Набрать чернил, и вечное перо
бессмертие продлит в труде упорном.
И всю войну в Париже шло метро,
сытнее жизнь была, чем в Грассе горном.
5
Он умирал в Париже. Сильно сдал
в последний год, почти скелет остался.
Он боль уколов молча принимал,
но выжить уже даже не пытался.
Жена молилась только об одном,
чтоб вслед за ним быстрей уйти из жизни,
и, как могла, поддерживала дом,
да на него смотрела с укоризной:
зачем одну оставит? Серый день
в окно смотрел и речью запинался.
Казалось, не отбрасывала тень
вся улица. От Сены пар вздымался,
когда она спешила за врачом
( в пятидесятых - мало телефонов).
Сочувственно шептались за плечом,
и голуби сновали у газонов.
Ещё не знала, что мальтийский крест
поставит вскоре над могилой мужа,
не означающий масонский жест –
но всё же белый, как степная стужа.
Он так хотел.
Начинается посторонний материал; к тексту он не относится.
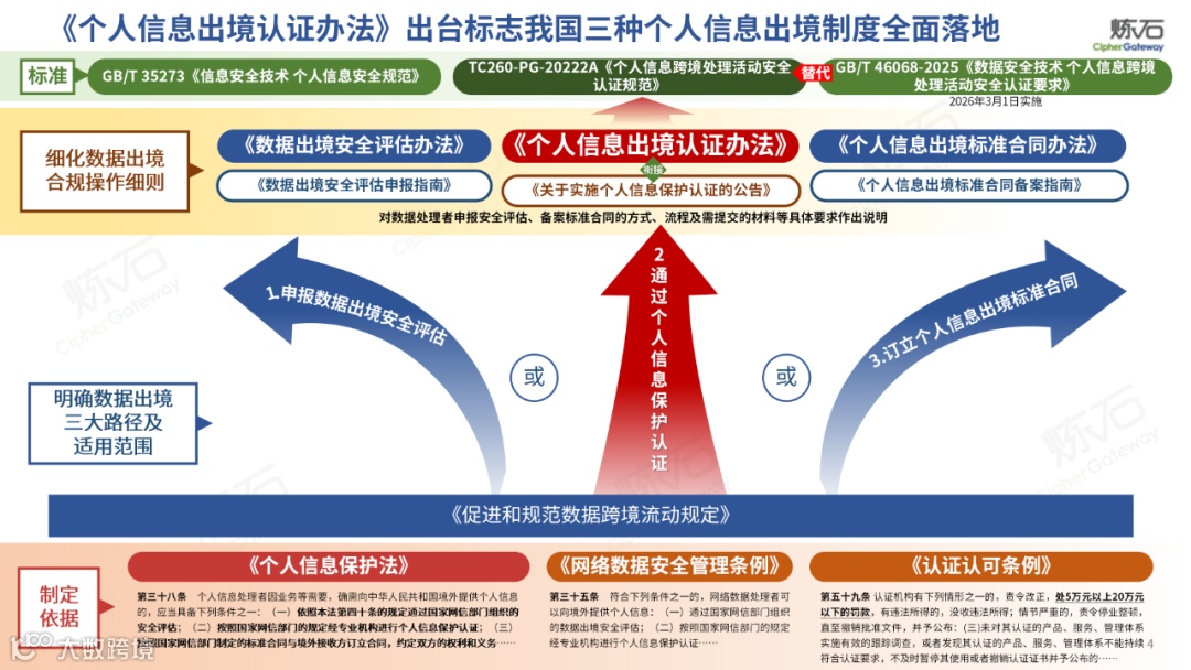 2025年10月14日,国家互联网信息办公室、国家市场监督管理总局联合公布了《个人信息出境认证办法》(以下简称《办法》)。随着全球数字经济飞速发展,数据跨境流动成为推动数据要素全球配置、开展高水平国际合作竞争的关键。《个人信息保护法》规定,按照国家网信部门的规定经专业机构进行个人信息保护认证是向境外提供个人信息的法定途径之一。为落实法律规定要求,2022年11月,国家市场监督管理总局、国家互联网信息办公室公布了规范性文件《关于实施个人信息保护认证的公告》。在此基础上,制定了该《办法》,完善我国个人信息跨境流动管理制度,有利于保护个人信息权益,促进个人信息合规利用,为数字经济高质量发展提供法治保障。

Его слова – закон.
Как хорошо им было вместе в Грассе
по вечерам усесться на террасе
и слушать допотопный патефон.
Из сада внутрь слетались мотыльки.
Шаляпин пел. Пластинка дребезжала.
Вести беседы было не с руки,
тетрадь открытой на столе лежала.
Он не читал ей новые стихи,
а прошлые она на память знала.
На всю Европу славились духи
из Грасса, но она пренебрегала
покупкой их, считала ни к чему
брать деньги из семейного бюджета
на пустяки. А вот купить ему
хоть Мопассана, как добавить света.
Жизнь промелькнула молнией в горах.
Пройдут года, она с ним рядом ляжет.
Уже не будет больше мучить страх,
что новой клятвой он её обяжет.
Церковной клятвой, с нею врать нельзя
друг перед другом или бог накажет.
Теперь им пухом чуждая земля,
любой вам встречный путь на крест укажет.
На русском кладбище, где тишина
слышна, как некий звук, застыло время.
Кресты и церковь, и ещё луна,
что по ночам над всеми вечно дремлет.